Thursday, April 15, 2010

A reason I don't much like the kind of linguistic prescriptivism based in armchair-linguistic musings of people into a sort of logician/engineering/whatever mindset is basically to do with how language and our minds and our social situations have evolved.

Basically, what happens when you let evolution run on some system that can be designed evolutionarily, it will often take into account features of the underlying systems that the human designer is not aware of.

Secondarily, language as a system is sort of distributed. No one knows every word of their language (with some trivial exceptions, but these are 'degenerate' cases, especially languages on the brink of extinction), no one knows every construction, etc. Constructions spread when people pick up that they are constructions, which means that for a construction to gain ground, there must be something that gives away that it is a construction in the first place, it needs to fill a purpose, it needs to be easy enough to apply by analogy, etc. So, we have a system where there's a lot of evolutionary algorithms going on all over the place, and the best thing is - the protocol by which these innovations spreads is itself affected by these changes. We're having evolutionary algorithms within evolutionary algorithms. This, in turn, in a really distributed system, which also has interfaces with other similar systems (== other languages, by means of bilingual speakers or anyone in a language contact situation!) ...

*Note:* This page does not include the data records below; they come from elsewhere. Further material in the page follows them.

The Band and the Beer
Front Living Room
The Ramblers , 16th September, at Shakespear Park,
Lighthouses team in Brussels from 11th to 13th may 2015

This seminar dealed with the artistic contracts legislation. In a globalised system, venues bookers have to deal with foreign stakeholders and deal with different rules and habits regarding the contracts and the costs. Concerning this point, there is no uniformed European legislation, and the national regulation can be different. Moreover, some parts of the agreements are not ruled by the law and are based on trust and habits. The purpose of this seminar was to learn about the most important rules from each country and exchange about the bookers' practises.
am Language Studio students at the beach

The number of fields one should understand to grasp why languages are like they are probably exceeds what anyone can learn in a lifetime. Probably, any number of the weirder things in language - quirky case, irregular forms, discongruence (e.g. the Semitic system where numbers over four or somesuch are marked for the opposite gender of the nouns they govern), congruence, differential object marking, aspect marked on the object instead of on the verb (making aspect unmarkable on intransitives and quirky case verbs) are results of optimizations that have made sense for the distributed memetic(ish) algorithm that designs language all the time. The reanalyzis of how to use the non-nominative pronouns in English probably also fit in with this - in lack of other supporting structures, lots of minds have converged on using them in a way that marks some kind of distinction that is more relevant for them to mark than whatever was marked earlier, hence expressions like "my brother and me went to town yesterday".

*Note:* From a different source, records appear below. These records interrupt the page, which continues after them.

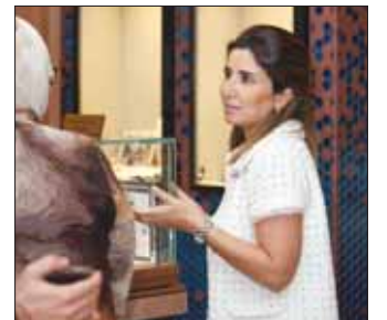
Each brand has been meticulously curated to provide a distinctive yet harmonious experience, with dedicated spaces that reflect their unique identities.
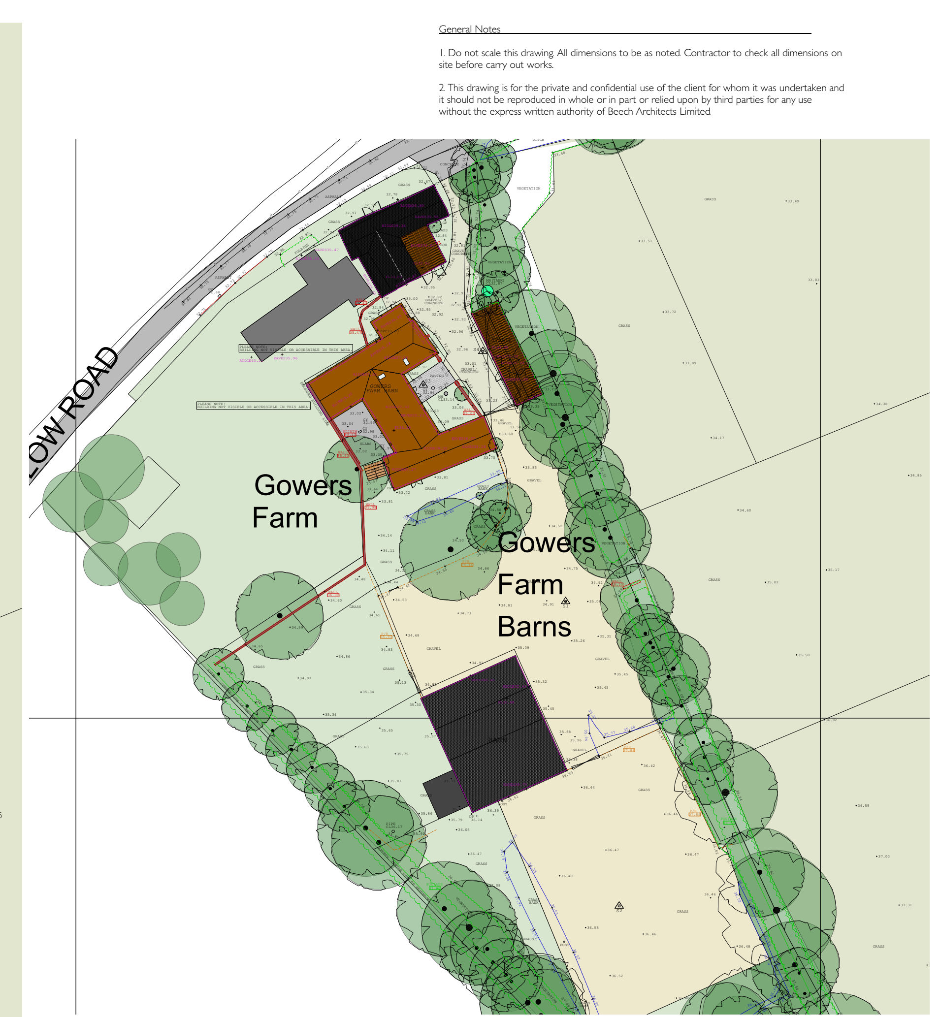
BLOCK PLAN SCALE: 1:500

General Notes: 1. Do not scale this drawing. All dimensions to be noted. Contractor to check all dimensions on site before carry out works. 2. This drawing is for the private and confidential use of the client for whom it was undertaken and it should not be reproduced in whole or in part or relied upon by third parties for any use without the express written authority of Beech Architects Limited.
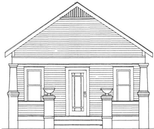
Appropriate residential rehabilitation

The residence to the right has been modernized with a combination of inappropriate building materials and decorative items which detract from its historicity and charm rather than enhance or refurbish it. Inappropriate replacement windows, doors, porch supports, railings, exterior siding and decorative lamps and door hinges have altered the houses appearance without improving it.
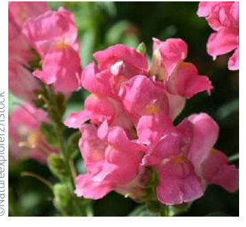
Antirrhinum majus A common garden flower seen in a wide variety of bright colours, often found on pavements and walls. Squeeze the flowers to open their mouths.
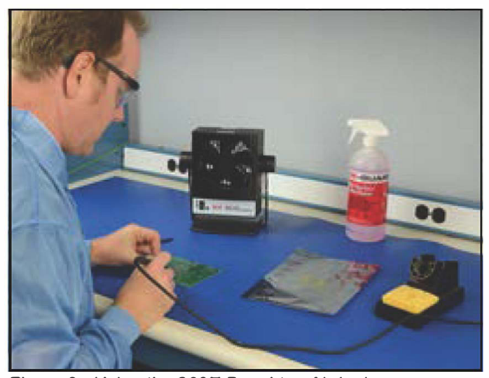
Figure 2. Using the 963E Benchtop Air Ionizer

For a human to optimize this is doomed to failure. He's unlikely to have an idea of the uses of most of the stuff in the language, and will cut out stuff that it is based on, and add in parts that seem logical or easily processable, but haven't gone through centuries of optimization.

I'm also considering calling 'evolution' an intelligent process, since it solves problems.

I guess this kind of subverts the Intelligent Design people's position. At least I hope so.